Social-Cognitive Theories

13-18 How do social-cognitive theorists view personality development, and how do they explore behavior?

social-cognitive perspective views behavior as influenced by the interaction between people’s traits (including their thinking) and their social context.

The social-cognitive perspective on personality, proposed by Albert Bandura (1986, 2006, 2008), emphasizes the interaction of our traits with our situations. Much as nature and nurture always work together, so do individuals and their situations.

Social-cognitive theorists believe we learn many of our behaviors either through conditioning or by observing and imitating others. (That’s the “social” part.) They also emphasize the importance of mental processes: What we think about a situation affects our behavior in that situation. (That’s the “cognitive” part.) Instead of focusing solely on how our environment controls us (behaviorism), social-cognitive theorists focus on how we and our environment interact: How do we interpret and respond to external events? How do our schemas, our memories, and our expectations influence our behavior patterns?

Reciprocal Influences

reciprocal determinism the interacting influences of behavior, internal cognition, and environment.
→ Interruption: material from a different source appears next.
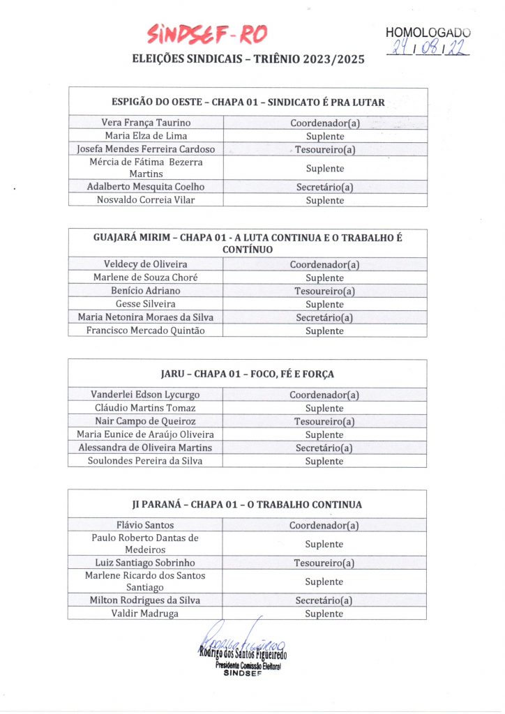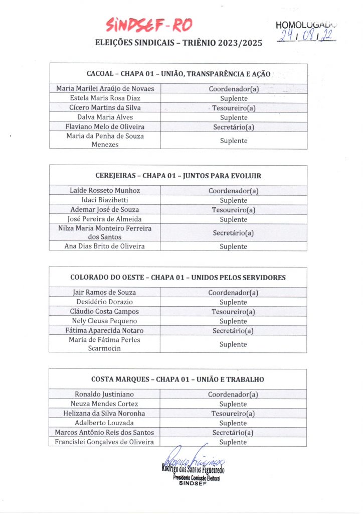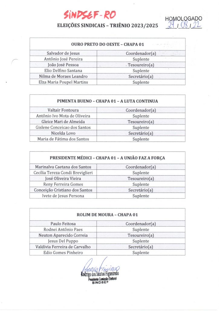 Encerrado o prazo para registro de chapas, análise e homologação, a Comissão Eleitoral informa que a Eleição do Sindicato dos Servidores Públicos Federais no Estado de Rondônia - Sindsef/RO para o triênio 2023/2025 teve chapa única para Diretoria Executiva, Conselho Fiscal e em 19 Coordenações Regionais. Apenas em Machadinho do Oeste terá votação presencial para escolha das chapas concorrentes, a ser realizada no dia 30 de setembro.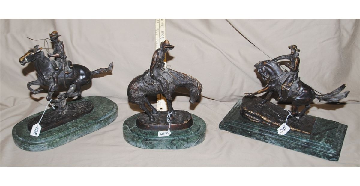 REMINGTON BRONZE STATUE COLLECTION - 12" X 10" - 10" X 12" (ONE IS MISSING THE LASSO) - SOLD PER PIECE TIMES 3

Bandura (1986, 2006) views the person-environment interaction as reciprocal determinism. “Behavior, internal personal factors, and environmental influences,” he said, “all operate as interlocking determinants of each other” (FIGURE 13.6). We can see this interaction in people’s relationships. For example, Rosa’s romantic history (past behavior) influences her attitudes toward new relationships (internal factor), which affects how she now responds to Ryan (environmental factor).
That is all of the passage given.